皇甫坚寿坐在帐角,手里捧着一盏茶,他低着头,看着茶盏中深褐色的茶汤。
茶汤映着他的脸,影影绰绰,看不清表情。
他放下茶盏,抬起头,看着皇甫嵩的侧脸。烛火在他父亲的脸上跳动着,把皱纹照得很深,眉骨下的眼窝一片阴影。
“赵忠是陛下身边的红人。他贪了这么多年,谁不知道?御史弹劾他的奏章能堆满一间屋子。可陛下动过他吗?没有。”
“赵忠不倒,是因为陛下不想让他倒,只要陛下不想你是搬不倒阉党的,更何况卢植、董卓是什么下场你也看到了,兔死狗烹,不得不防啊。”
皇甫嵩没有看儿子。
“赵忠不倒,是因为没人敢动。现在,有人敢了。”
“谁?”
“我。”
帐中安静了几息。
梁衍站在一旁,嘴唇动了一下。
皇甫郦则坐在皇甫坚寿对面,手里攥着一根马鞭,鞭梢在地上画着圈。
在皇甫嵩幕府中,众人政见有明显不同。
皇甫嵩年纪很大,偏向于守旧路。
儿子皇甫坚寿善于审时度势,能在敏感的政治局势中左右逢源,历史上皇甫嵩得罪了董卓,被征召入京后,便是因为皇甫坚寿和董卓是好友,故而皇甫嵩得以免于被杀。

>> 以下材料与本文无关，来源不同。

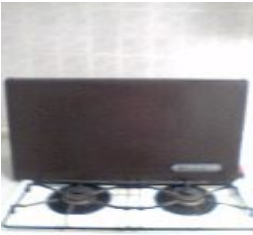
④ レンジフードカバー取外し
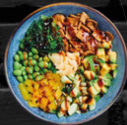
Vegan YASAI BOWL 13,90 €

Reis mit mariniertem veganen Lachs, Mango, Gurke, Edamame, Rotkrautsalat, Chili-Mayo und Sesamsoße A.E.F.G.
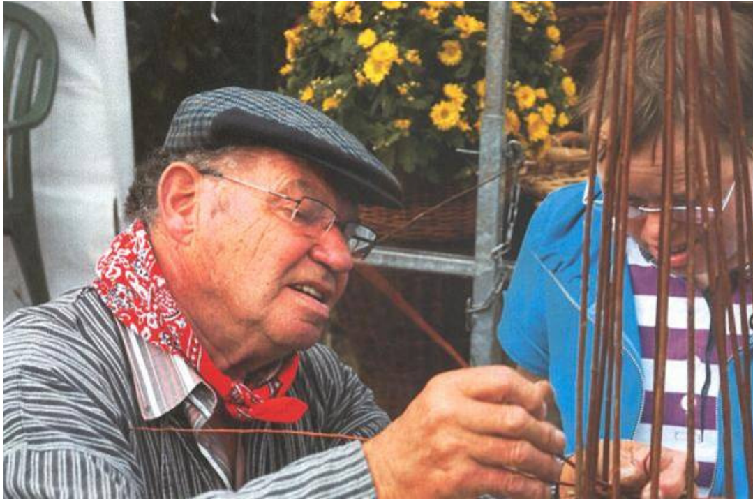
Samen aan de slag, Overasselt

Een project dat volop in ontwikkeling is, is 'Zorg en museum onder één dak'. In Overasselt wordt boerderij 'De Lage Hof' omgebouwd tot museum waarin de collectie van het huidige Agrarisch Museum De Garstkamp een plek krijgt. Dat museum gaat een belangrijke rol spelen in de Buurderij. Er komt accommodatie voor kleinschalig groepswonen met zorg, voor mensen met dementie en mensen met een verstandelijke beperking. En een multifunctioneel centrum met het museum, moestuin en boerderijdieren, dagbesteding voor ouderen en een steunpunt voor activiteiten gerelateerd aan de WMO (Wet Maatschappelijke Ondersteuning) zoals ontmoeting, informatie en advies.
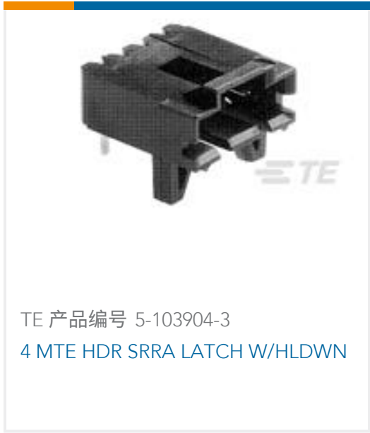
TE 产品编号 5-103904-3 4 MTE HDR SRRA LATCH W/HLDWN
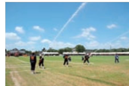
ポンプ車操法の2線放水

8月27日(日)に人吉市である「熊本県消防操法大会」に、菊池市支部の代表として、小型ポンプの部に本部機動隊(七城班)が、ポンプ車の部に第1分団が参加します。市民の皆さんの応援をお願いします。
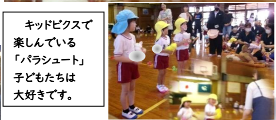
キッドピクスで楽しんでいる「パラシュート」子どもたちは大好きです。
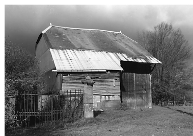
Vue de la grange traversante.
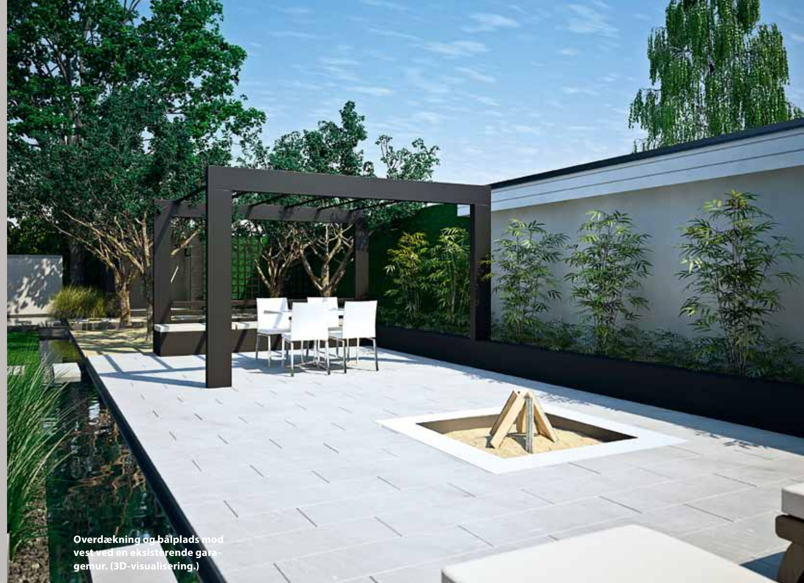
Overdækning og bålplads mod vest ved en eksisterende garage-mur. (3D-visualisering.)
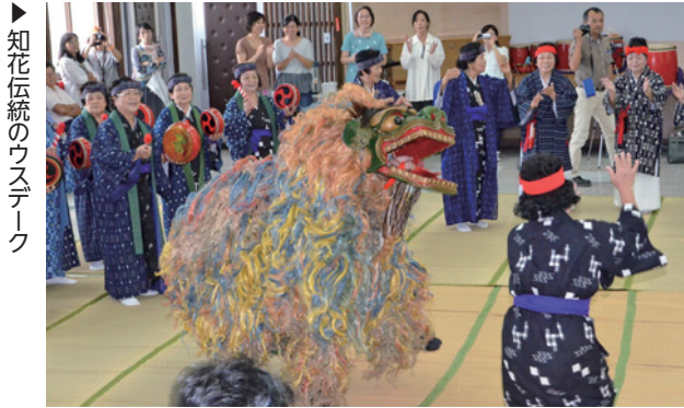
知花伝統のウステーク

デークともいう)は300年の歴史を持つ。ウステークは、獅子を中心に知花花織を身にまとった女性達が輪になって踊り、健康と五穀豊穡を祈る伝統行事で、旧暦の8月15日に行われている。また、知花は陸上競技に力を入れており、昨年は市陸上競技大会優勝を目標に取り組み、男子・女子・総合の全ての部門で優勝した。宇良会長は「知花は歴史がある地域なので、伝統を継承しながら新しい風も吹き込んでいきたい」と話している。 電話：9371-4516
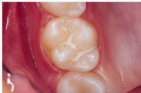
Schutz vor Karies: Versiegelung der feinen Grübchen auf der Kaufläche

Bei der Versiegelung werden die Fissuren mit einem hellen Kunststoff dauerhaft verschlossen, so dass an diesen Stellen keine Karies mehr entstehen kann (siehe Abb. unten).
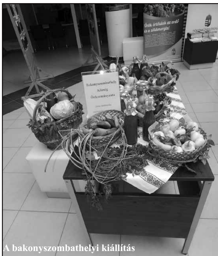
A bakonyszombathelyi kiállítás
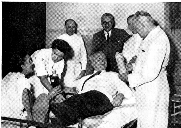
Lors de la prise de sang qui a eu lieu à Genève le 26 novembre, un des donateurs volontaires se vit fêté à sa grande surprise: on venait d'effectuer sur lui la 10 000 e prise de sang de l'année!

Divers travaux ont été en outre entrepris en collaboration avec notre laboratoire central, notamment par M. H. Habich (recherches sur la spécificité des albumines pathologiques résultant de la macroglobulinémie de Waldenström) et du Dr Willenegger, médecin-chef de la clinique chirurgicale de l'Hôpital des bourgeois de Bâle (durée de la présence dans l'organisme des substances de remplacement du plasma portant des traces radioactives).
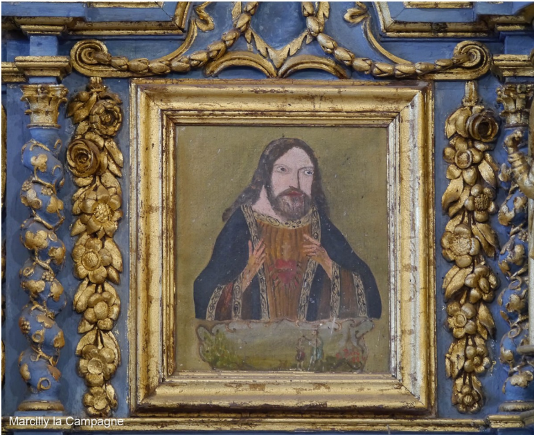
Marcilly la Campagne
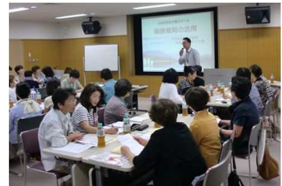
「女性大学『あさ姫スクール』」
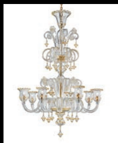
HUMBERTUS > 76
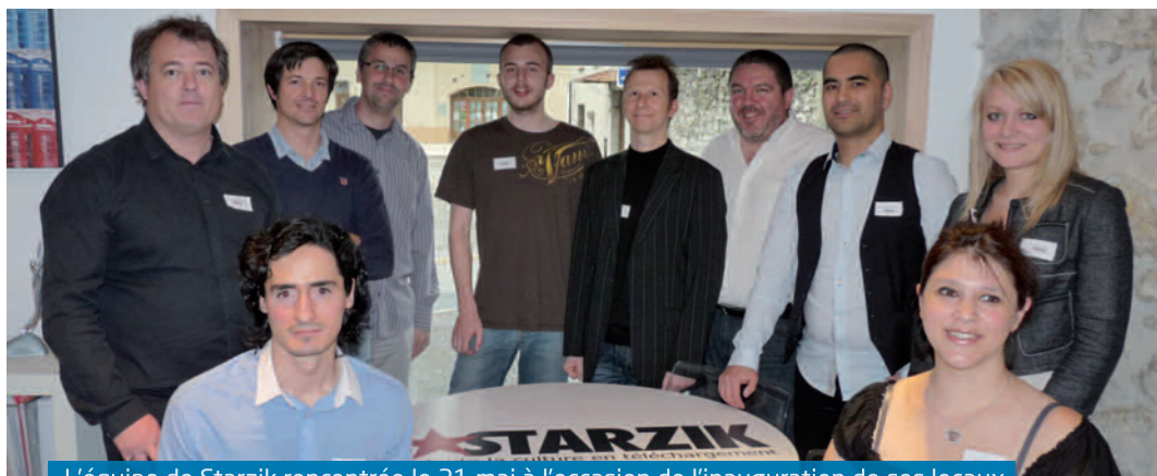
L'équipe de Starzik rencontrée le 31 mai à l'occasion de l'inauguration de ses locaux
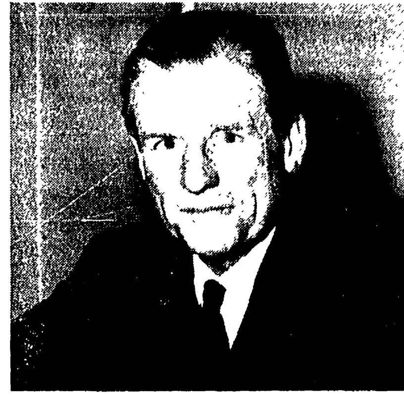
Sir John Harding, governatore inglese di Cipro

Il governatore inglese voleva esiliare i partigiani - Se le trattative per l'autogoverno non cominceranno entro lunedì l'EOKA riprenderà le armi
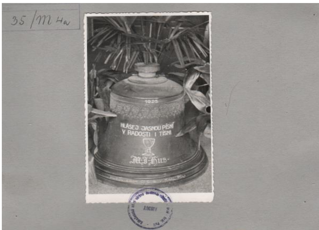
5. Menší ze dvou zvonů Husova sboru v Králově Poli. 113

Z výše uvedených citovaných finančních záznamů lze jednoznačně uvést, že pro zjištění skutečných nákladů by bylo nutné provést hlubší a důkladnější bádání, které by jistě vydalo na další studii. Rovněž je na místě úvaha, zda by další studie objasnila skutečné náklady na stavbu. Jako další uvádím, že pro tuto práci by podrobnější zkoumání finančních záznamů bylo příliš odbočující s ohledem na zvolené téma. Další zřejmou skutečností z výše popsaných událostí je, že sporů a žalob bylo daleko více. K dílčím sporům jednotlivých živnostníků nejspíš existuje v archivech CČSH více podkladů. Skutečnost, že velká většina dochovaných archivů je neinventarizována a netříděna, nabízí možnost dalšího bádání.
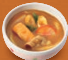
ミニカレーうどん/ きしめん
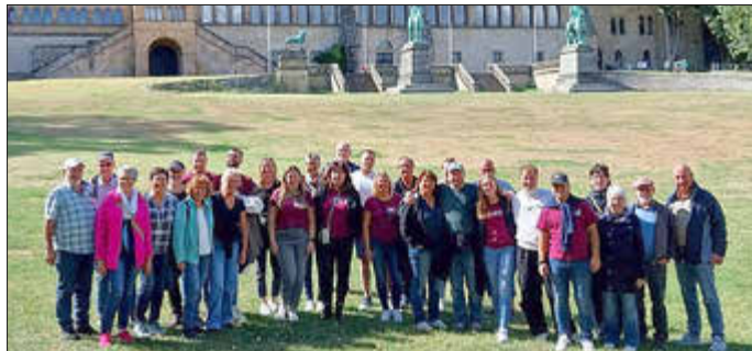
Die Reisegruppe vor der Kaiserpfalz

Auch hier lernten wir neue, interessante Fakten und durften spannenden Geschichten lauschen. Natürlich blieb zwischenzeitlich auch genügend Zeit für gesellige Runden, gemeinsame Mahlzeiten oder auch private Erkundungen der Stadt.
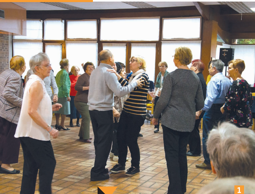
Clubs de seniors
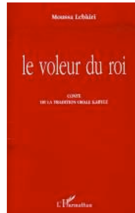
Le voleur du roi Contes traditionnels
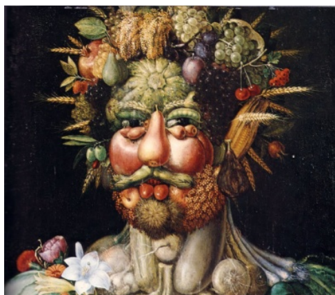
شکل ۱. مفهوم سازمان و ساختار به‌صورت شماتیک

آن مد نظر باشد این کلمات درون گیومه قرار می‌گیرند و در غیر این صورت مفاهیمی هستند که در این نظریه مطرح شده‌اند. سازمان یک سیستم به روابط بین مؤلفه‌های آن سیستم اشاره دارد و سیستم را به‌عنوان واحدی مرکب در یک طبقه خاص تعریف می‌کند و ویژگی‌های سیستم را به‌عنوان یک کل معین می‌کند. ساختار به مؤلفه‌های واقعی و روابط واقعی اشاره دارد که یک سیستم یا واحد مرکب را به‌عنوان موردی خاص از یک طبقه مشخص به وجود می‌آورد. باید توجه داشت که ساختار، ویژگی‌های سیستم به‌عنوان یک کل را تعیین نمی‌کند و از آنجا که سازمان جنبه روابط تحقق‌یافته در ساختار است، نمی‌تواند مستقل از ساختاری که آن را محقق کرده است، وجود داشته باشد (ماتورانا، ۲۰۰۲). یک سیستم، سازمان خود (هویت خود) را حفظ می‌کند در حالی که ساختار آن دائم در حال تغییر است. البته باید توجه داشت که تغییرات ساختار در چارچوب حفظ هویت سیستم یعنی سازمان آن انجام می‌گیرد. حفظ سازمان سیستم، شرط وجود آن سیستم است و اگر سازمان یک سیستم تغییر کند آن سیستم از هم می‌پاشد و چیزهای متفاوت دیگری به وجود می‌آید (وارلا، ماتورانو و یوریب، ۱۹۷۴).
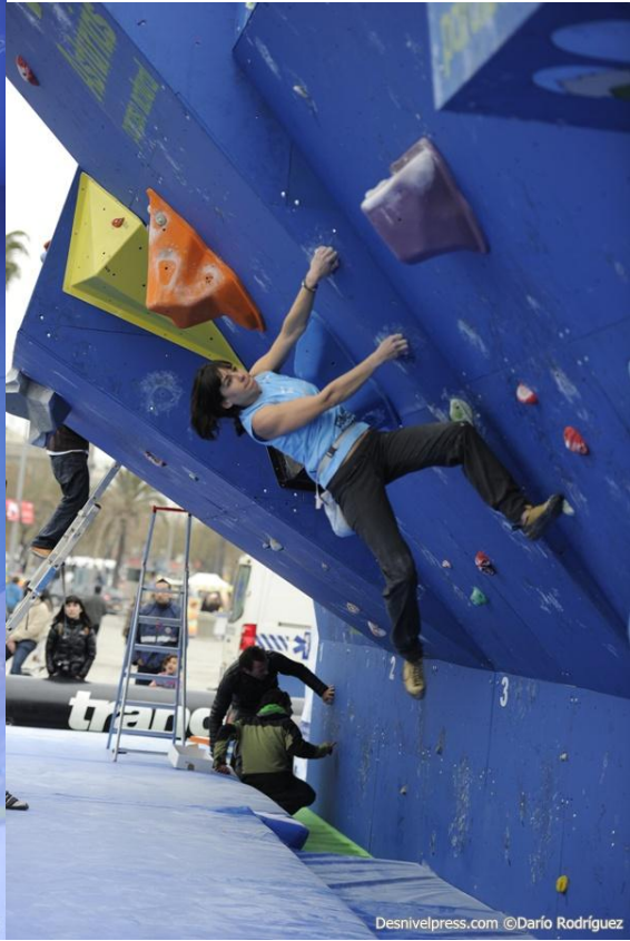
Tere en los bloques de la final.

梁衍和侄儿皇甫郦则是激进派,最先劝皇甫嵩率部消灭董卓,挟持天子,控制朝廷的就是此二人。
垂垂老矣的皇甫嵩在心腹们面前,显得有些畏首畏尾。
好似既想要汉室忠臣的大义,又贪图清流的名声。
明明威望比董卓更高,就是不敢豁出去闹一把。
皇甫坚寿站起身,走到案前劝道。
“父亲,您想过没有?动了赵忠,就是打了陛下的脸。陛下在解除党锢后不动声色,就是在等你犯错。”
“即便是你讨平了黄巾军,依旧会如卢植、董卓一般遭到清洗,自时去左校做苦力,父亲您这把年纪还干得动吗?”
“孩儿的意思是,目下局势混乱,皇甫家得有靠山,士林显然靠不住。”
“董卓就比较聪明,直接去巴结董太后,来日前途不可限量。”
“父亲已经得罪了陛下,如今又要得罪阉党,为求名声四面树敌……如果父亲不愿意与董太后为伍,那就只能依附何进。这样来日才好执掌朝廷。”
皇甫郦则道是:“叔父,绝对不可。”
“如今凉州武人之中,只有董卓与叔父有能力领衔群豪。”
“为何要对他人低头?你自己便是一方豪杰,我们带着凉州乡党单干,迟早有一天要推翻那关东鸟朝廷,让咱们凉州人也整个凉半朝!自时,挟持皇帝以图大业!”
越说越离谱,皇甫嵩忍不住抬起头,看着诸将。
目光不重,却让几人的喉结滚动了一下。
“你们到底在说什么?大汉社稷还没有覆灭,就在想那么久远以后的事情了?”
“动辄便是执掌朝廷、以图大业,你们有几个脑袋去图大业?”
皇甫坚寿没有答话,嘴唇抿成一条线。
皇甫嵩拍案示意。
“坚寿,我早说过,董卓绝非善类,你少与他往来,老夫也不屑于巴结太后。”
“凉州诸将跟着我家自从羌乱开始,打了上百年,死了几代人,他们要得是什么?想要封赏,想要官职,想要不被中原人瞧不起,想要凉州人也能不受歧视,平稳进入士林。
我皇甫家从叔父开始,就一直在往士林里挤。可挤了一辈子,还是边郡豪强。为什么?因为我们没有在恰当的时机站对队。”
“现在,党锢解除了。党人回来了。是老夫率先替他们解围,他们该还我这个人情。”